“也就是说,本王是你的第一个实验小白鼠?”
虽然段景宸嘴上这么说着,但他神色上倒是非常平和的样子,似乎也并未因为自己是第一个,而有些生气或者如何,“落九月,倘若本王真的吃你这东西吃的上吐下泻,到时候可该如何?这责任,你承担得起吗?”
也就是段景宸这调侃的样子,终于惹怒了落九月。
她面色瞬间就变了,转过身愤然朝着房间门口方向离开,摔门而去,“爱吃不吃,不吃的话,段北拿去喂狗!”
“王妃……”回过头看着落九月气冲冲走掉的样子,段北本想追,却又停了下来。
转过来重新看向段景宸,他双手抱拳俯身作揖,“主子,恕属下直言,主子您这次,委实有点太过分了。王妃为了这名为蛋糕的糕点,从大一大清早就开始在厨房里面忙碌,不准旁人插手,凡事但凡可以,都亲力亲为的。可是您刚刚,却说了那么一番伤人的话。”

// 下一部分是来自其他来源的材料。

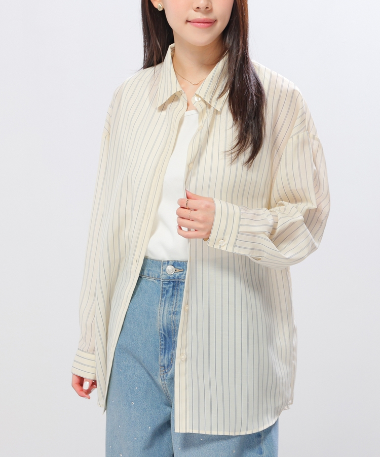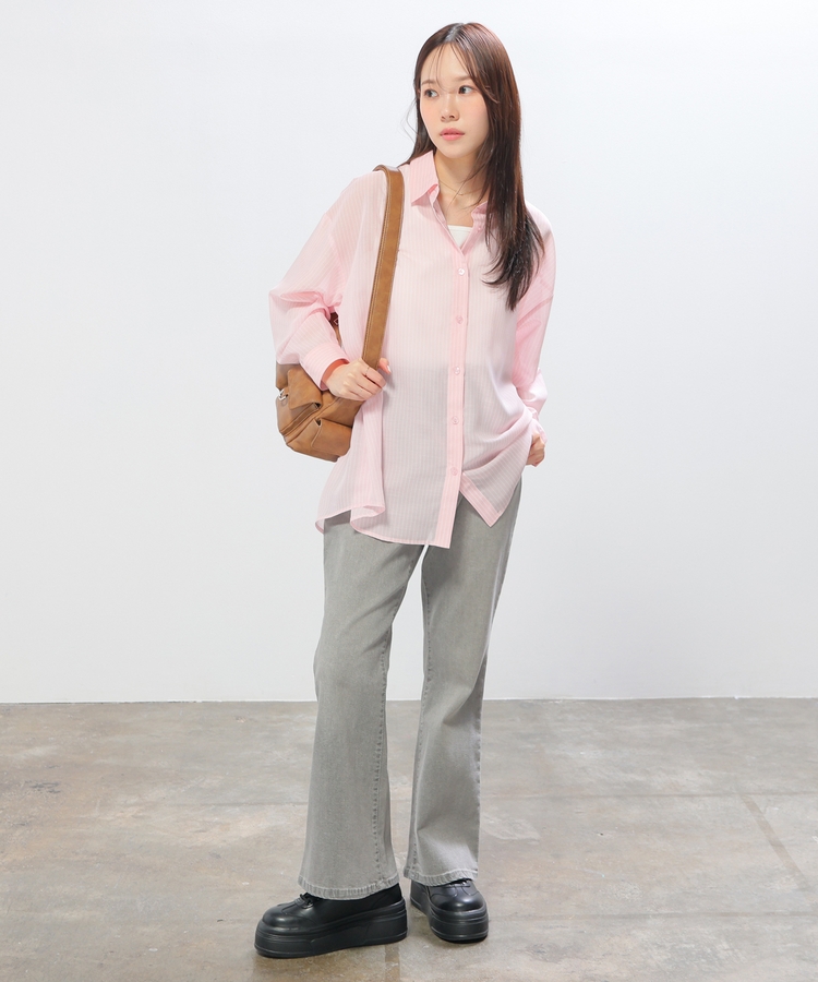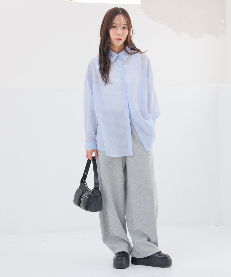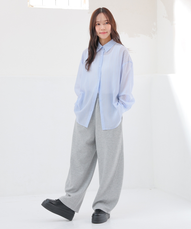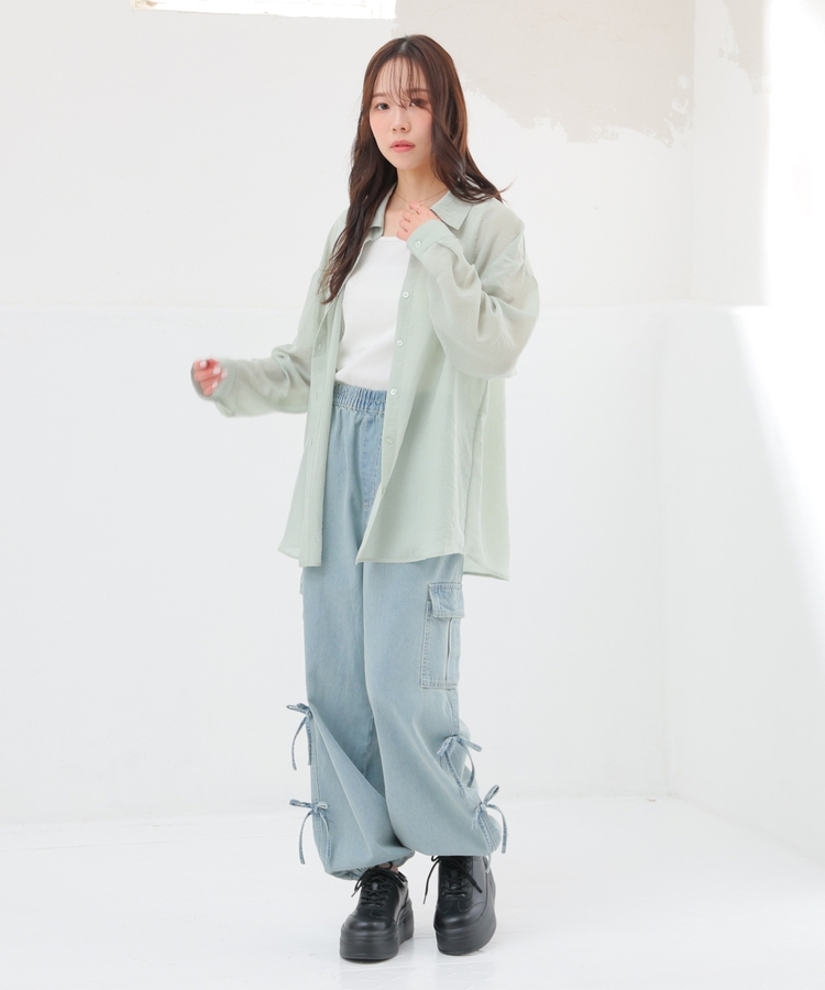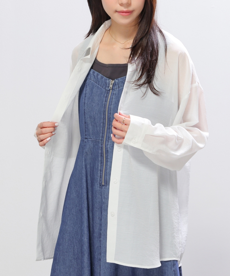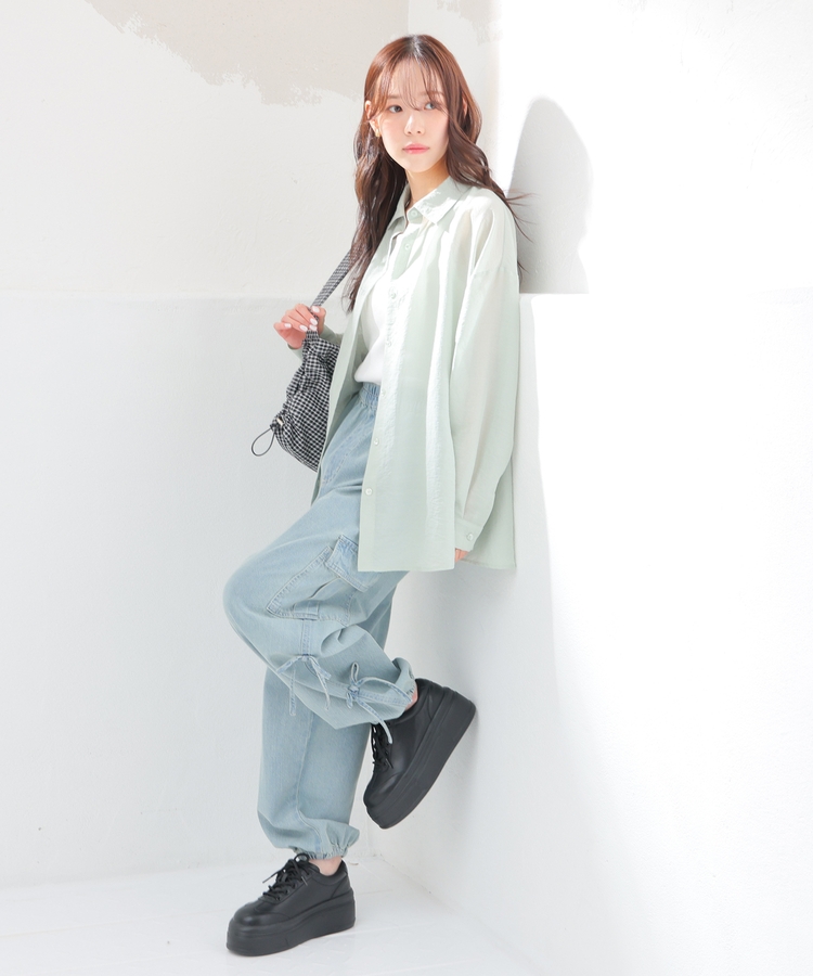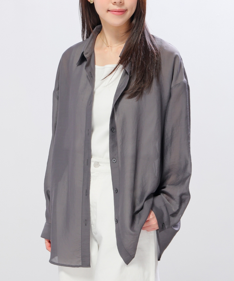 シャツは、ワッシャー加工で自然な風合いに仕上げた、程よい透け感のシアー素材。

听着段北的话不由愣了下,段景宸低下头去,看向桌面上那有些其貌不扬的盘中餐。
这个看起来甚至还有点丑、上面好像抹着什么白色泡沫之类的东西,是落九月那个丫头花了足足一上午的时间,才好不容易给弄出来的。
抬手接过段东递来的勺子,他舀下一块送到嘴边,犹豫了片刻后,终于还是送进了自己的嘴巴里面去,连连皱眉,“这又苦又甜的东西,是什么!还有上面这白色泡沫一样的东西,里面怎么还有没化开的糖粒!”
可当他接过段东递过来的帕子要吐掉时,想想落九月一上午的努力,他默默的收起了帕子,将嘴巴里面的蛋糕咽了下去,然后低下头去,一口接着一口的,默默将盘里面的东西都给吃光了、分毫不剩。
本是要进来送东西的顾如风,看着这样的场景,都不由得缩缩脖子。
落九月一个富家千金小姐,她做的东西全都给吃下去,还有好?段景宸要是不闹上几个时辰的肚子,都算他福大命大了。那东西光是看着,就肯定是个极品!
反倒是段景宸,真的在众目睽睽下,吃的连残渣都不剩。
毕竟是落九月的一番心意,他领了,这也算是没辜负了她的好心。
抬起头重新看向段北,他打了个饱嗝,无奈道,“回去告诉落九月,她的心意本王领了,但是下次,这种事情,还是交给厨房的仆人去做吧。她只要安安分分呆在她擅长的领域,就算是对本王最大的心意了。毕竟如果还有下次,本王也不知道,一盘子后,还能不能活下来。”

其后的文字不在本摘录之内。